WORK ORDER: Show all lines from the listing below that contain "with".

AVAILABLE DATA:

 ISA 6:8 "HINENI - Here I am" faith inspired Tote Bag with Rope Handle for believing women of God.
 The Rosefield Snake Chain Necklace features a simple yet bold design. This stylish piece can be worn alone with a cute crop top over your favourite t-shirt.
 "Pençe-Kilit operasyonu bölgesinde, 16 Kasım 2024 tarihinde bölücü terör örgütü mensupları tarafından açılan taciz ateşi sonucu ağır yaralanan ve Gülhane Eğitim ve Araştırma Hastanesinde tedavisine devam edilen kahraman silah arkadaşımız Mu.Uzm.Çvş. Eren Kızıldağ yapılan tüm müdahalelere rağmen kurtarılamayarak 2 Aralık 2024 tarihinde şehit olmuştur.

...

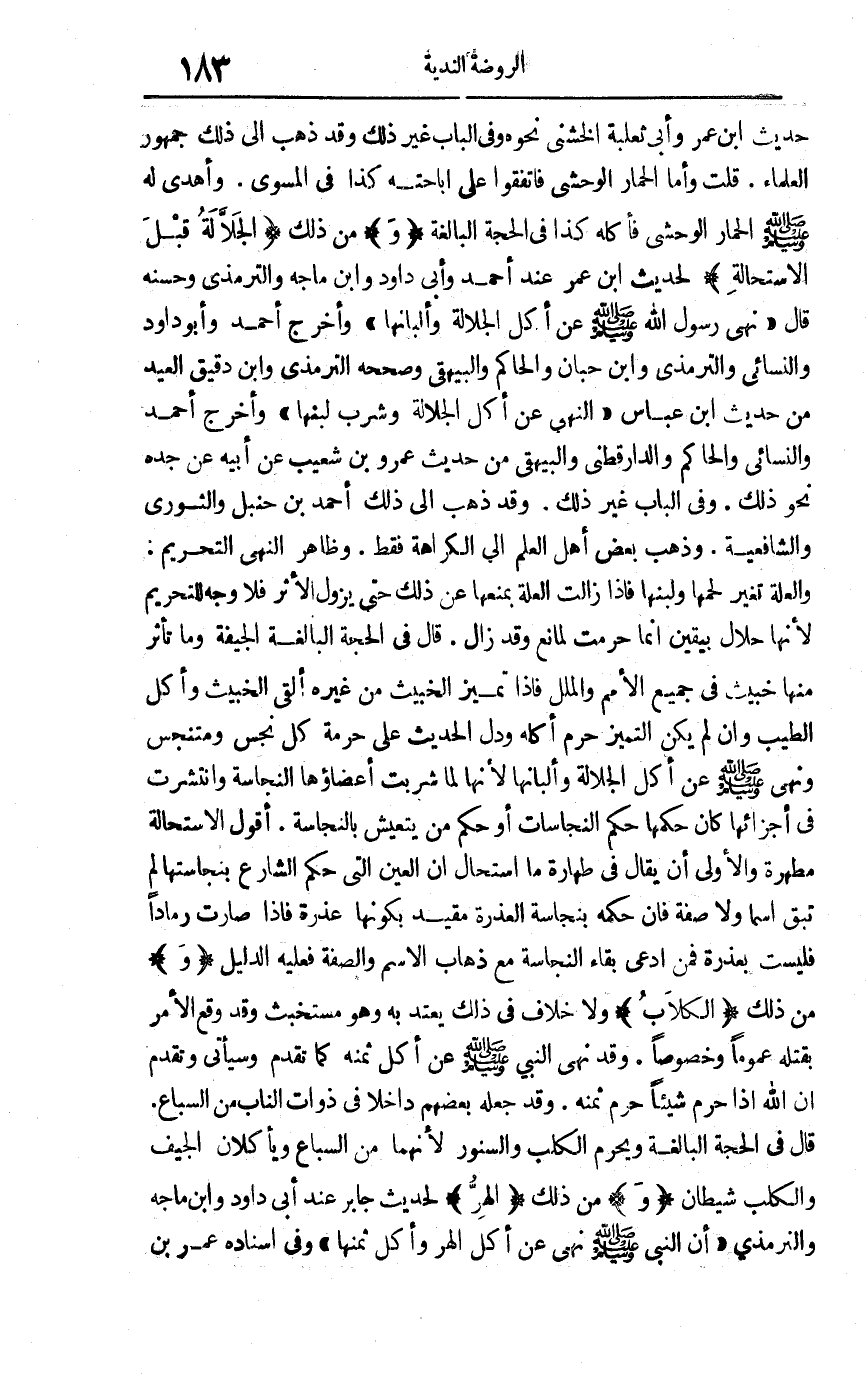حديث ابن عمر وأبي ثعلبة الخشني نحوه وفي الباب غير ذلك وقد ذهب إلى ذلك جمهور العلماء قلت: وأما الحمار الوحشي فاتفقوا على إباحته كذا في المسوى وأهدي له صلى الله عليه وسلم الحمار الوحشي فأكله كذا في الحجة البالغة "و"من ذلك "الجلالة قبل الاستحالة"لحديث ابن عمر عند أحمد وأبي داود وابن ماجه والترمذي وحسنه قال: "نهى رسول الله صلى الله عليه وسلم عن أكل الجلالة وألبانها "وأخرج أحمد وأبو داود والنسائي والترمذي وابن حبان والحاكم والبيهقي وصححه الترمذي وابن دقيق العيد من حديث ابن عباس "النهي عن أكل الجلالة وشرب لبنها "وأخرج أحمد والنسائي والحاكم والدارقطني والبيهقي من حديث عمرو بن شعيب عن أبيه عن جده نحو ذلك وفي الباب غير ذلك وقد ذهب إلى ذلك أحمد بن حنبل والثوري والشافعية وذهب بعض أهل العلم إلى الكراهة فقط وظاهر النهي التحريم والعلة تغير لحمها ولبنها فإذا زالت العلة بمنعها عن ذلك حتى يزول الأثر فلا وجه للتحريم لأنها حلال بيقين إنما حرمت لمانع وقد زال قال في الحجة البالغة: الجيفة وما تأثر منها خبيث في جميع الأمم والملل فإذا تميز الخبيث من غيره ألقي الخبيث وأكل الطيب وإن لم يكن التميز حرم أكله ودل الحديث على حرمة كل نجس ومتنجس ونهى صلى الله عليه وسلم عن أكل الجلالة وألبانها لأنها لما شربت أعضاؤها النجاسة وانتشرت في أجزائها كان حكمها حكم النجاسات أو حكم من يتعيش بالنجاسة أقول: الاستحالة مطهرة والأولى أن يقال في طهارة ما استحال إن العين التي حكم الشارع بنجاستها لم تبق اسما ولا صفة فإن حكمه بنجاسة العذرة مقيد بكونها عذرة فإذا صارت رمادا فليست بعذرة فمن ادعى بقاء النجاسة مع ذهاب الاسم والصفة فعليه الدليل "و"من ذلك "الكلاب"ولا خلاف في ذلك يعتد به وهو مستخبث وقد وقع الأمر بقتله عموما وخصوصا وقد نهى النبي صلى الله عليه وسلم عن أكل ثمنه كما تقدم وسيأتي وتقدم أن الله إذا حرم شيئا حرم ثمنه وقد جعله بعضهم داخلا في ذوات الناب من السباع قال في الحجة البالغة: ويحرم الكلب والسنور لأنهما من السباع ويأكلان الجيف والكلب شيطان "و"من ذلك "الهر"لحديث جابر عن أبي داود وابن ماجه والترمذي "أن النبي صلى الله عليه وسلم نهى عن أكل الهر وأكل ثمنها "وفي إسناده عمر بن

ANSWER TO THIS EXERCISE:
 ISA 6:8 "HINENI - Here I am" faith inspired Tote Bag with Rope Handle for believing women of God.
 The Rosefield Snake Chain Necklace features a simple yet bold design. This stylish piece can be worn alone with a cute crop top over your favourite t-shirt.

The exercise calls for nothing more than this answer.